Task description: All of the data should be copied exactly, with the pictures left out.

━━━━━ Material supplied ━━━━━

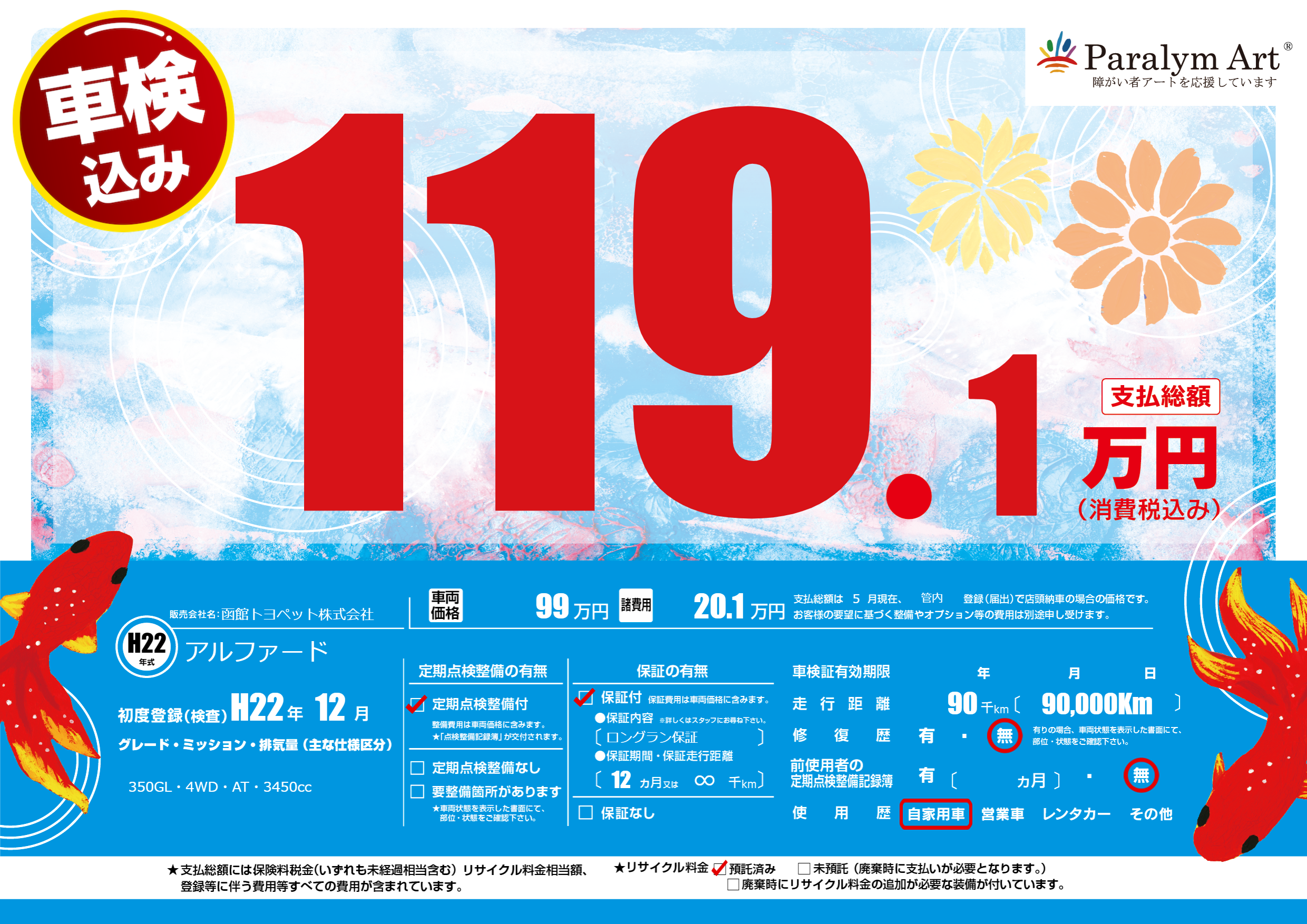 | 走行キロ | 9万km | 初年度登録 | H22年12月 |
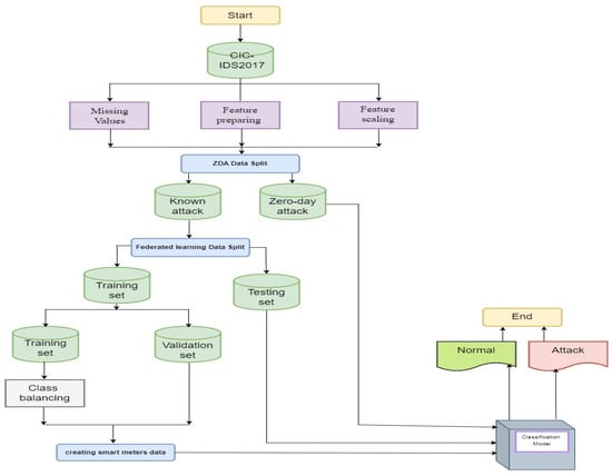 AMI networks are IP-based systems, and the same cyberattacks that afflict IT systems threaten to disrupt AMI systems []. In this work, the CICIDS2017 [] dataset was used to build and validate the proposed model. CIC-IDS2017 is provided by the Canadian Institute of Cybersecurity (CIC) and is considered one of the most critical datasets as it contains up-to-date threats that are not represented by older datasets []. It includes 2,522,362 various flows, of which 2,096,484 are normal flows and 425,878 are attack flows with 79 various features. This dataset covers 15 different classes: A normal type and 14 attack types, including DoS Hulk, DDoS, PortScan, DoS GoldenEye, FTP Patator, DoS Slowloris, DoS Slowhttptest, SSH Patator, Bot, Web Attack: Brute force, Web attack: XSS, Infiltration, Web Attack: SQL injection, and Heartbleed.
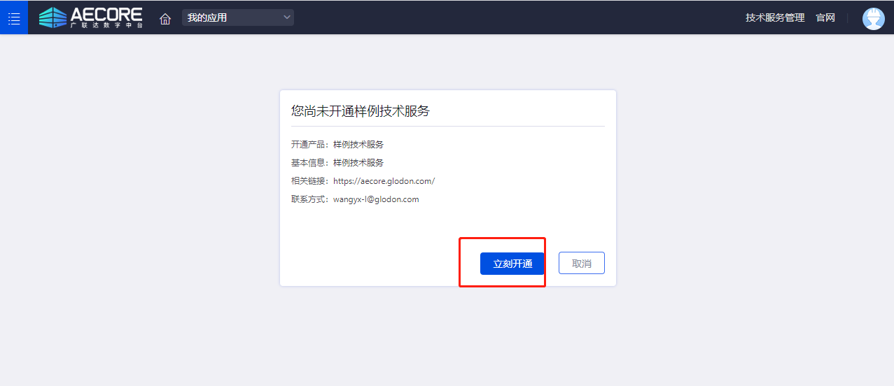 以开通“样例技术服务”为例,操作如下
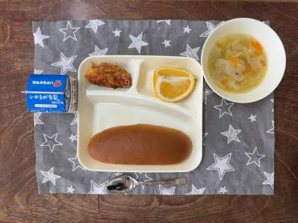 本日の献立は、黒糖パン、とうふのミートグラタン、じゃがいもと野菜のスープ、はっさく、牛乳です。
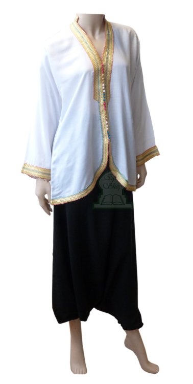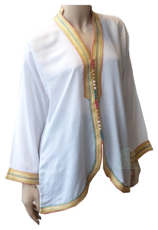 Tunique marocaine blanche courte avec noeuds multicouleurs Vetement & Accessoire

━━━━━

Solution for this exercise:
 | 走行キロ | 9万km | 初年度登録 | H22年12月 |
 AMI networks are IP-based systems, and the same cyberattacks that afflict IT systems threaten to disrupt AMI systems []. In this work, the CICIDS2017 [] dataset was used to build and validate the proposed model. CIC-IDS2017 is provided by the Canadian Institute of Cybersecurity (CIC) and is considered one of the most critical datasets as it contains up-to-date threats that are not represented by older datasets []. It includes 2,522,362 various flows, of which 2,096,484 are normal flows and 425,878 are attack flows with 79 various features. This dataset covers 15 different classes: A normal type and 14 attack types, including DoS Hulk, DDoS, PortScan, DoS GoldenEye, FTP Patator, DoS Slowloris, DoS Slowhttptest, SSH Patator, Bot, Web Attack: Brute force, Web attack: XSS, Infiltration, Web Attack: SQL injection, and Heartbleed.
 以开通“样例技术服务”为例,操作如下
 本日の献立は、黒糖パン、とうふのミートグラタン、じゃがいもと野菜のスープ、はっさく、牛乳です。
 Tunique marocaine blanche courte avec noeuds multicouleurs Vetement & Accessoire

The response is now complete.